Impact of Instrument and Detector Characteristics on Size Exclusion Chromatography Method Transfer Across Biocompatible UHPLC Systems

Significance of the Topic

An accurate size-exclusion chromatography (SEC) method is critical for monitoring protein aggregation and degradation in monoclonal antibody therapeutics. Aggregates and low molecular weight (LMW) fragments can affect safety and efficacy, making reproducible quantification essential across different biocompatible UHPLC systems.

Objectives and Study Overview

This study evaluates the transferability of an SEC method for trastuzumab across two biocompatible UHPLC platforms and compares detector performance. Key aims include:

• Assessing chromatographic consistency between ACQUITY Arc Bio System and Agilent 1260 Infinity Bio-inert System
• Comparing repeatability of retention times and peak areas
• Evaluating sensitivity and precision of photodiode array (PDA) versus tunable UV (TUV) detectors

Methodology

Trastuzumab was diluted to 2.1 mg/mL in a 25 mM sodium phosphate, 400 mM sodium chloride buffer (pH 6.7). A 10 µL injection was performed at 0.7 mL/min using an XBridge Protein BEH SEC column (7.8×300 mm, 3.5 µm, 200 Å) under ambient conditions. Data were acquired in Empower 3, converting Agilent OpenLab data as needed.

Used Instrumentation

• ACQUITY Arc Bio System: QSM-R Bio pump, FTN-R Bio injector, Waters 2998 PDA and 2489 TUV detectors
• Agilent 1260 Infinity Bio-inert System: Bio Quat pump, HiP Bio autosampler, 1260 DAD VL+ detector
• Column: XBridge Protein BEH SEC, 200 Å, 3.5 µm, 7.8×300 mm
• Software: Empower 3 CDS, Agilent OpenLab CDS Chemstation

Main Results and Discussion

Retention times for high molecular weight (HMW), monomer, and LMW peaks differed by approximately 0.1 min across systems, with RSDs below 0.2%. Peak area percentages were comparable (HMW ~0.40–0.42%, monomer ~99.53–99.55%, LMW ~0.05%). The ACQUITY Arc Bio System showed slightly lower RSDs for both retention times and peak areas.
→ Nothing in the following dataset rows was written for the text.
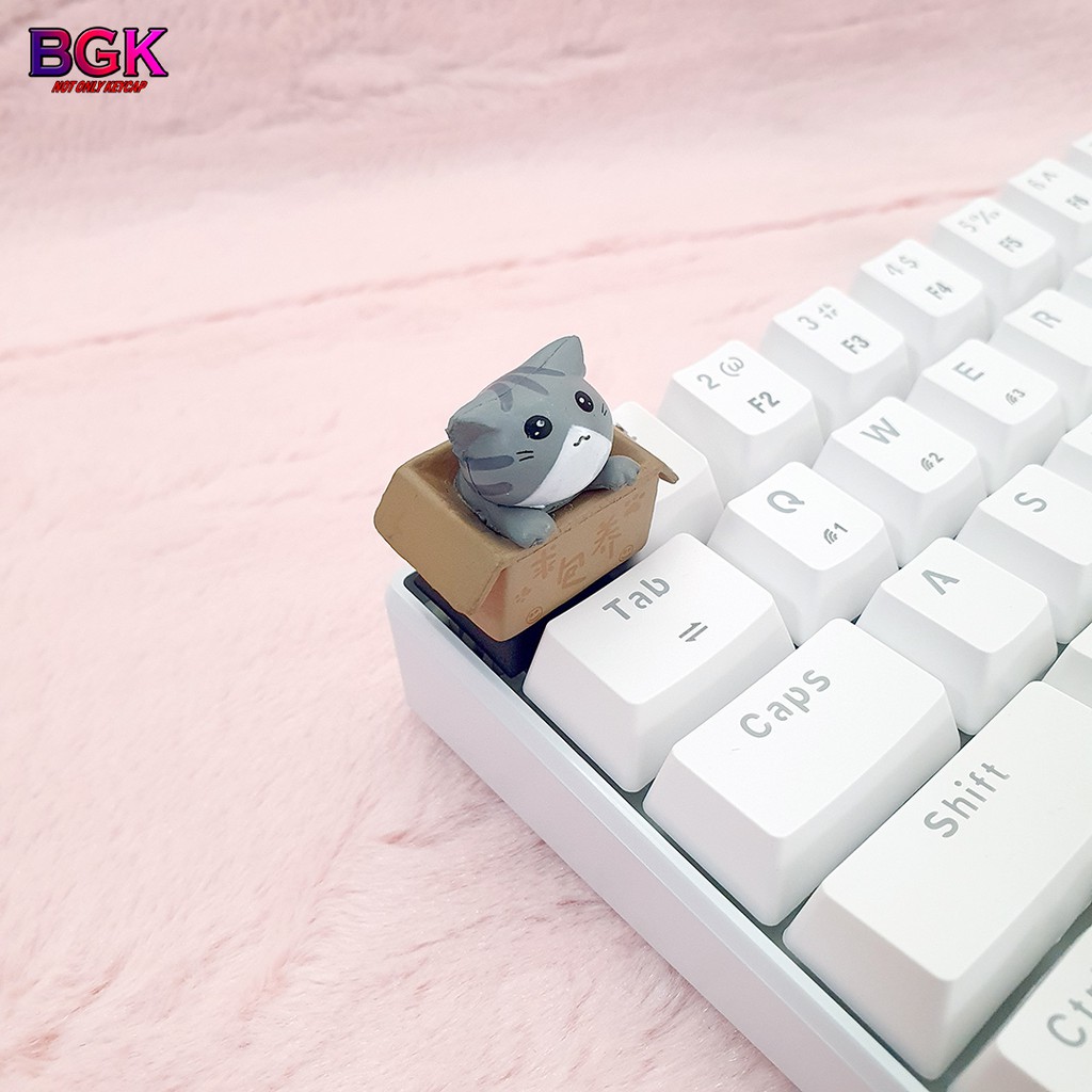 Máy tính & Laptop > Chuột & Bàn Phím > Khác || Keycap lẻ hình Mèo Con Trong Hộp siêu dễ thương Keycap ArtisanCòn hàng
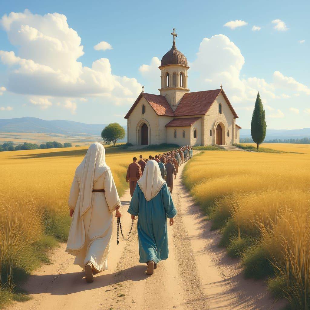This image depicts Mary, mother of Jesus, walking on a dirt road toward a Synagogue, followed by a procession. Rendered as a detailed matte painting with deep, complementary colors and intricate fantasy elements.
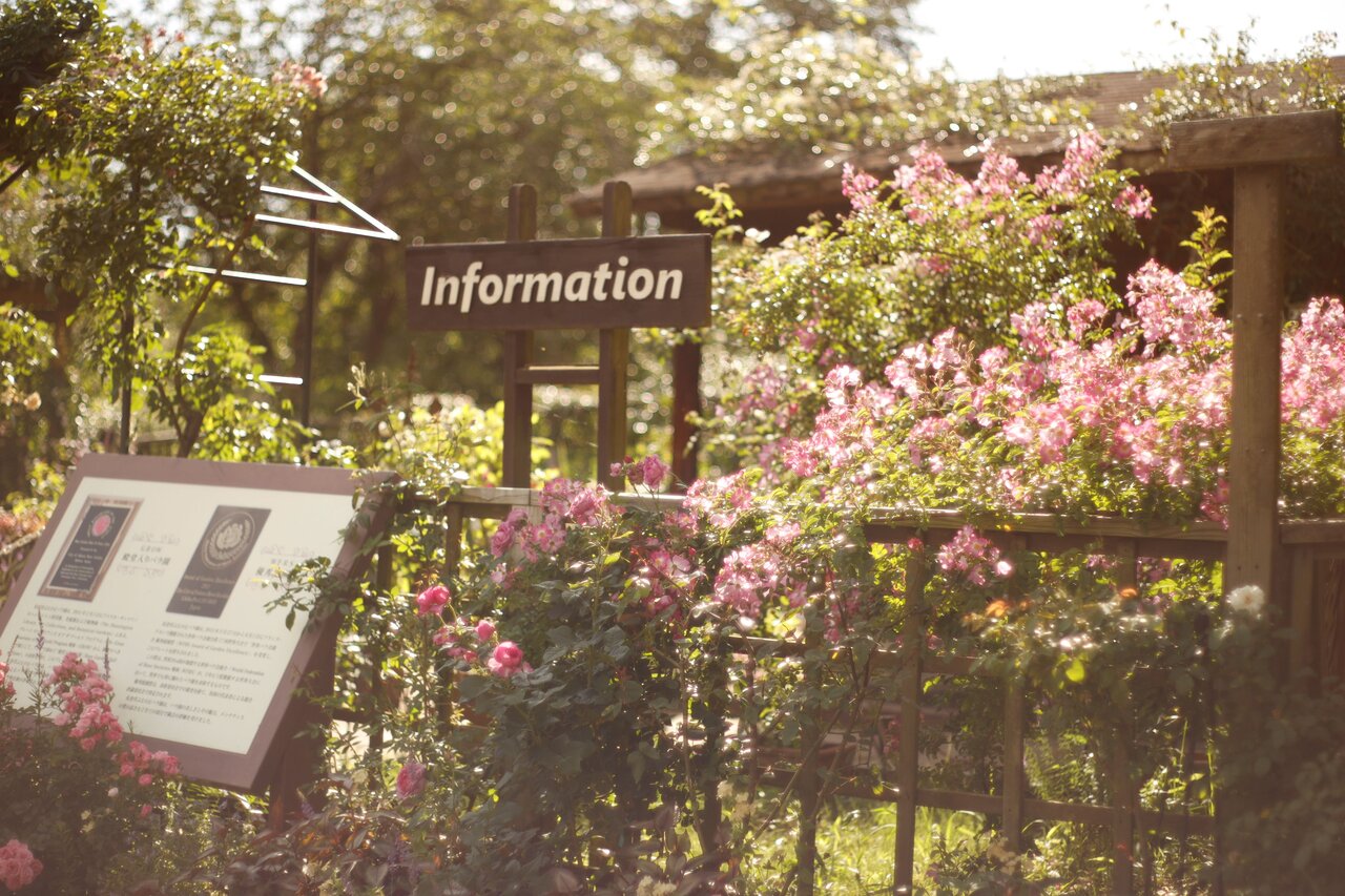 園内の広い道を奥に進み日本のバラコーナーへ
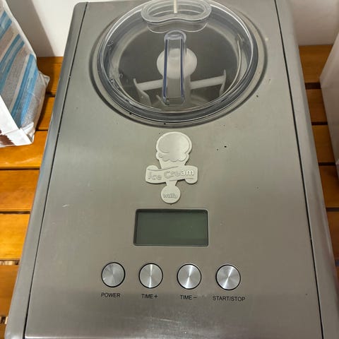 Wilfa ismaskine i rød plast med gennemsigtigt låg. Maskinen har en elektrisk tilslutning og en kapacitet til at lave hjemmelavet is. Designet er kompakt og velegnet til brug i hjemmet.
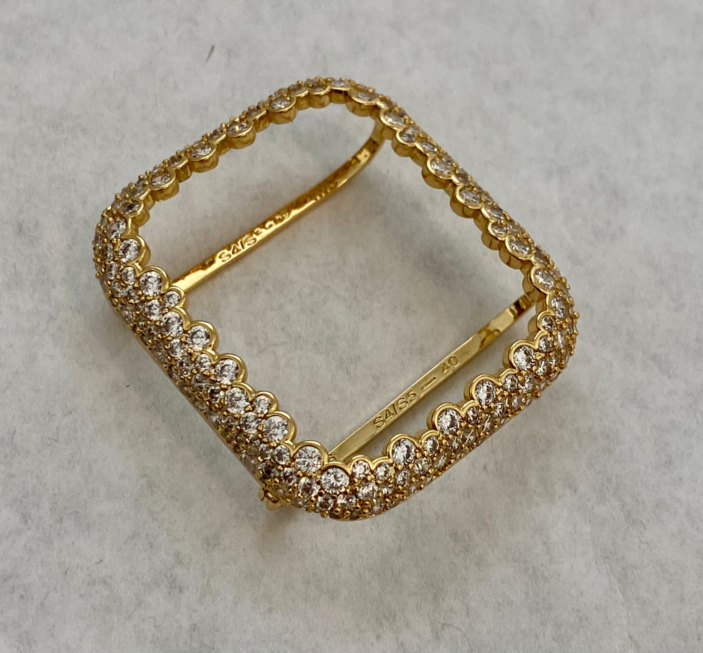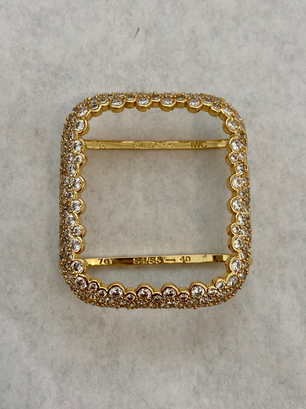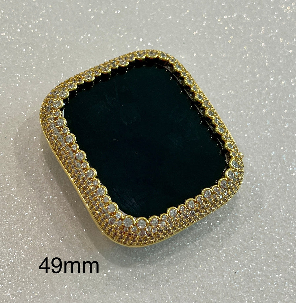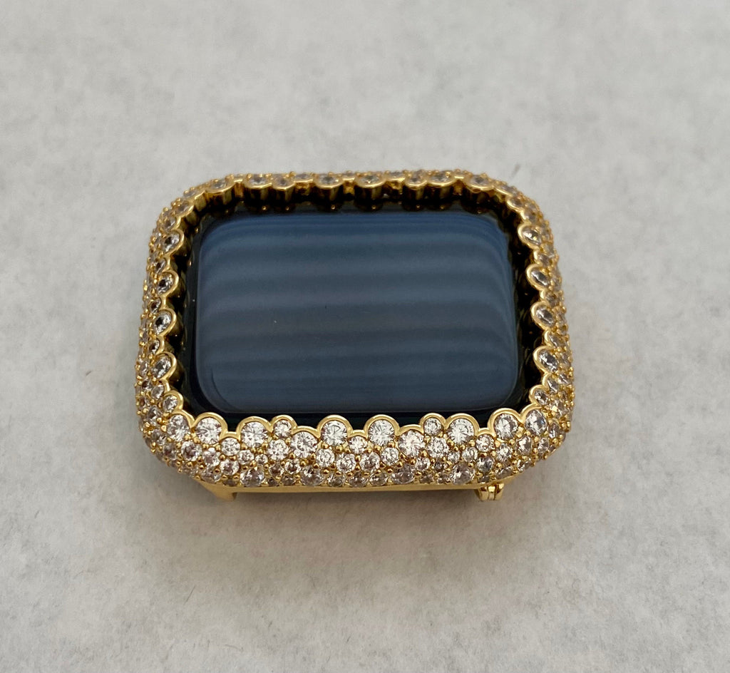 Fits the Apple Watch available for sizes 38mm 40mm 41mm 42mm 44mm 45mm 46mm Series 2-11 SE Ultra 1/2/3 Men's & Women's (see photo labeled 49mm-slightly different due to watch design) . This is a custom design made to fit the Apple Watch, it is not a brand copy.Gold Apple Watch Bezel Cover is a Custom 14k Gold Plated Metal Bezel style case cover with hand set Large lab diamonds around the face and micro pave lab diamonds on the sides. . Pretty Champagne Bubbles Very Elegant.
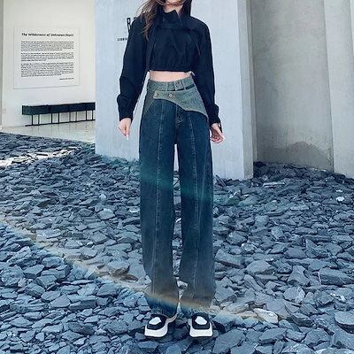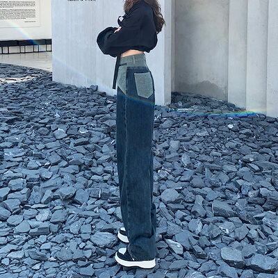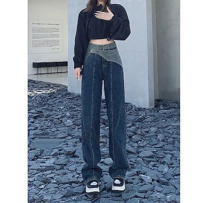 激?れ人気商品 脚長効果!デニムパンツ かっこいい!スラックスパンツ 美脚 着痩せ ストレートジーンズ 春夏 ハイウエスト レトロ ゆったり ワイドパンツ
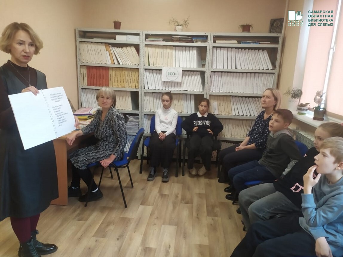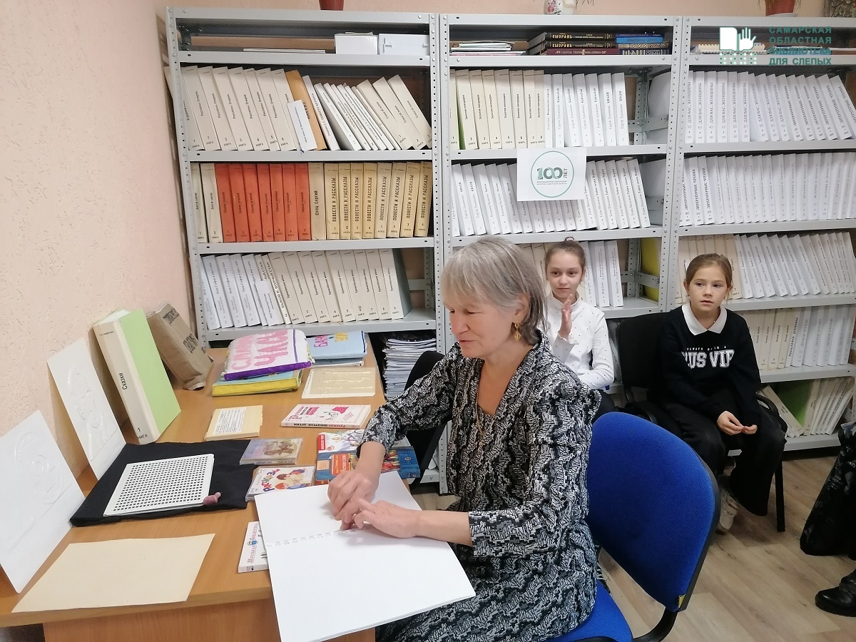 Школьникам рассказали о специальной библиотеке для слепых и слабовидящих людей в городе Сызрань и познакомили с книжными фондом. Ребята узнали, как читают незрячие и слабовидящие, познакомились с разнообразием специальных форматов для прочтения книг: от шрифта Брайля, рельефно-точечных пособий и тактильных книг до электронных носителей. В завершение мероприятия дети прослушали отрывок из сказки Г.Х. Андерсена «Русалочка» в исполнении читателя-брайлиста Надеждиной Л.Н.
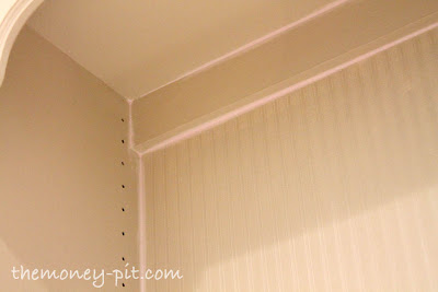 More spackle and another coat of paint.. but I didn't want to stop there. My inspiration cabinets also had a beadboard backing.
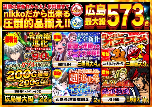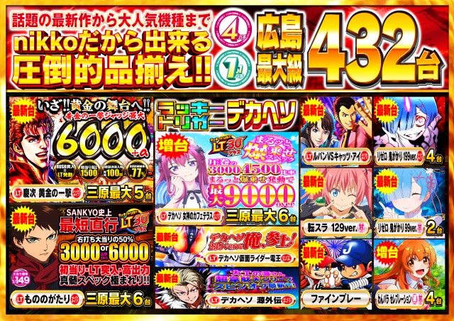 - ご覧いただきありがとうございます。 全レート合計広島最大級1005台設置⭐ ニッコーだからできる圧倒的品揃えでお客様のご来店をお待ちしています‼
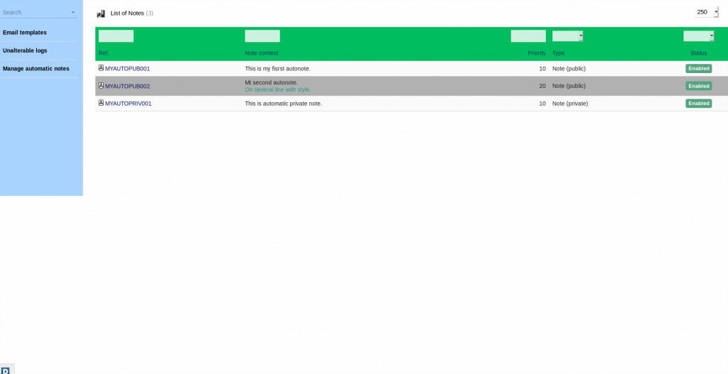 Ce module vous permet de disposer de notes pré-enregistrées que vous pouvez automatiquement ajouter à plusieurs ressources telles que les commandes, factures, expéditions et propositions commerciales.
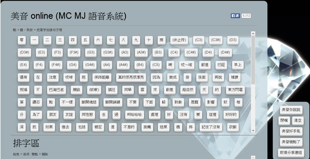首頁線上工具生活資訊 美音 online (MC MJ 語音系統) - 「美江」語音產生器 「人民有信仰宗教的自由」這是憲法明文規定的,不過同樣的宗教,有不同的信仰,若由不同的人來解釋,可能也就會產生不同的意涵,至於信不信呢?也還是要靠自己的判斷。最近,有網友去挖了一位名叫「郭美江」牧師的在傳教時候的演講影片,因為演說的內容牽扯到鑽石的來源,陸續在網路上被轉貼而爆紅起來,當然,隨之而來的就是批評聲浪,還有個「美音 online (MC MJ 語音系統)」將演說時的語音剪出多個句子,讓網友自行組合來播放,超級無敵了。 🔔 不錯過任何精彩! 立即訂閱我們的 LINE 官方帳號 每次發佈新文章時,您將會第一時間收到本站文章連結通知,輕鬆掌握最新資訊! 使用 LINE 追蹤文章更新 §相關文章,還可以參閱:Apple Music 台灣新用戶優惠:6個月免費暢聽,領取方式與限制一次看!2026春節追劇清單!Netflix 2月必看攻略:燒腦推理、火爆動作片,陪你從初一爽追到開工!459 萬人搶 60 萬份!運動幣中獎號碼公布,快查你的身分證尾數都馬一起GO!LINE GO新年優惠最高拿$800優惠券,還有一個月乘車金等你抽過年搭高鐵自由座要排多久?看LINE就知道 台灣高鐵×LINE TODAY推出春節限定燈號預估服務 如何使用 美音 online (MC MJ 語音系統)? 1.使用瀏覽器進入上述網址,就可以看到每個按鈕的名稱就是一個句子,點擊就能出聲。 2.若要組合成一句話,可長按將把單字加進排字區裡,組合後,可按右下方的[美音說說]來播放;[美因好手氣]可由系統隨意組合句子...等。 上述句子的 URL連結 3.美江牧師的演說影片。 4.網友作品。 美音 online (MC MJ 語音系統)網站網址:http://cornguo.atcity.org/test/mjcount/
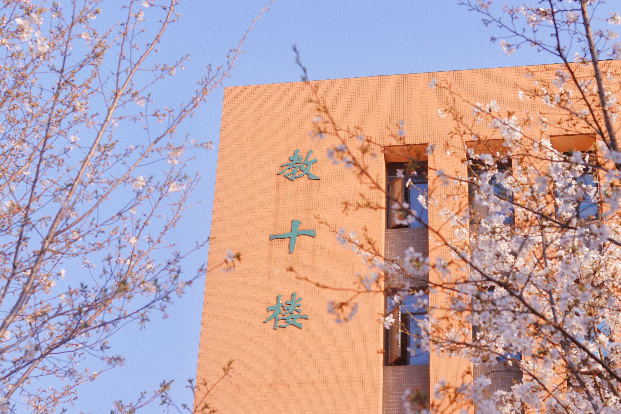 樱花与教一楼.徐秋琳摄
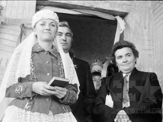 esküvő házasság család népviselet ünnepség násznép menyasszony örömapa örömanya Szekszárd Tolna megye Magyarország 1987 Bakó JenőFotó részletei
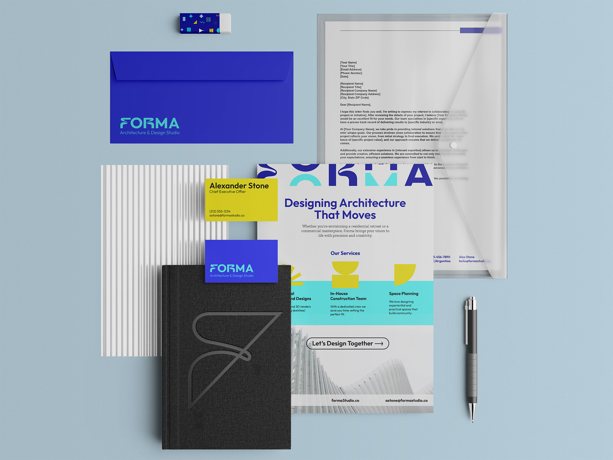 Market Positioning: Rebrand gave Forma credibility and visual presence competing with larger, established firms. Clean, energetic identity system made them instantly recognizable in pitch meetings and industry events, positioning them as both innovative and trustworthy. Differentiated through electric blue + aqua color strategy versus industry-standard grays.
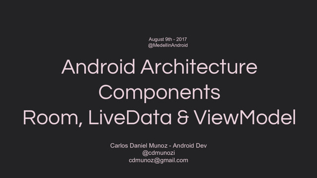 Sesión del mes de Agosto del MeetUp de Medellín Android, abordando los nuevos Android Architecture Components, mostrando tanto el detalle técnico como el de implementación con un ejemplo funcional.
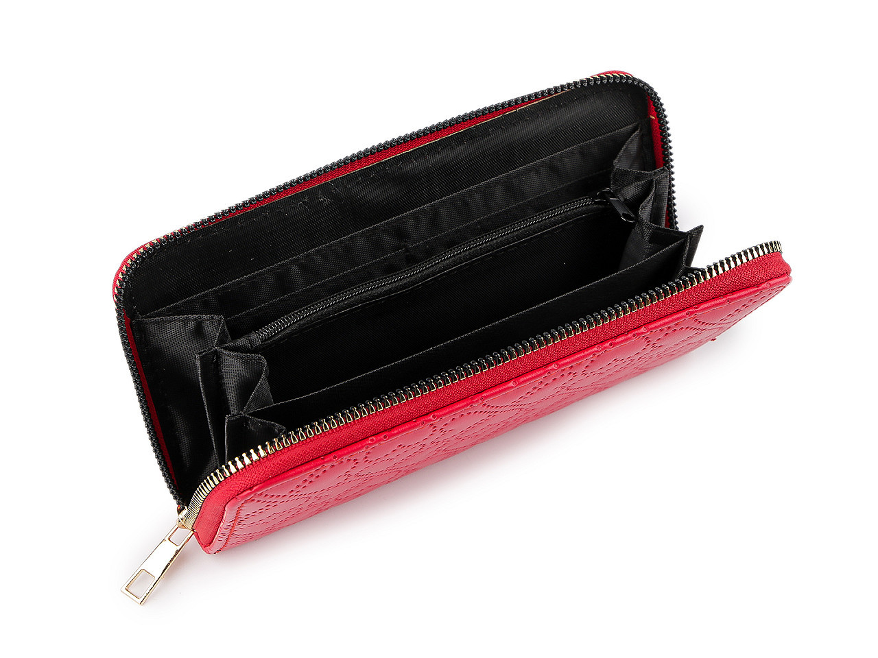 Okouzlující a praktická dámská peněženka s romantickým motivem srdíček je stylovým doplňkem, který si zamilujete. Zapíná se na pevný kovový zip a její vnitřní uspořádání nabízí maximální přehled. Uvnitř najdete tři velké přihrádky na bankovky, uzavíratelnou kapsu na zip ideální pro mince a drobnosti, a dostatek místa na doklady. Po vnitřních stranách jsou speciální přihrádky na karty a dvě větší kapsy na účtenky apod. Tato peněženka kombinuje elegantní vzhled a velký úložný prostor.

Comparing detectors on the ACQUITY Arc Bio System, TUV detection yielded improved precision (HMW RSD 0.59% vs 0.79% PDA; LMW RSD 1.74% vs 4.85% PDA) and higher signal-to-noise ratios (HMW s/n 205 vs 105; LMW s/n 50 vs 24).

Benefits and Practical Applications

• Reliable method transfer ensures consistent aggregate quantification across UHPLC platforms
• Biocompatible system compatibility minimizes sample corrosion and oxidation
• TUV detectors enhance sensitivity for low-abundance degradants

Conclusion

The SEC method for trastuzumab transfers effectively between biocompatible UHPLC systems with minimal retention time shifts and robust repeatability. Detector choice further improves method performance, with TUV offering superior sensitivity and precision compared to PDA.

Future Trends and Applications

Advancements may include integration of multi-angle light scattering or mass spectrometry for detailed aggregate characterization, increased automation for high-throughput analyses, and data-driven method optimization using artificial intelligence.

References

• Rosenberg AS. Immunologic effects of protein aggregates. AAPS Journal. 2006;8:501–507.
• Xiang T et al. Structural impact of hinge region peptide hydrolysis on mAb. J Chromatogr B. 2007;858:254–262.
• Koza S et al. SEC method development for trastuzumab degradation. Application Note. 2012;720004416EN.
• Waters Operator’s Guides for 2489 TUV and 2998 PDA detectors.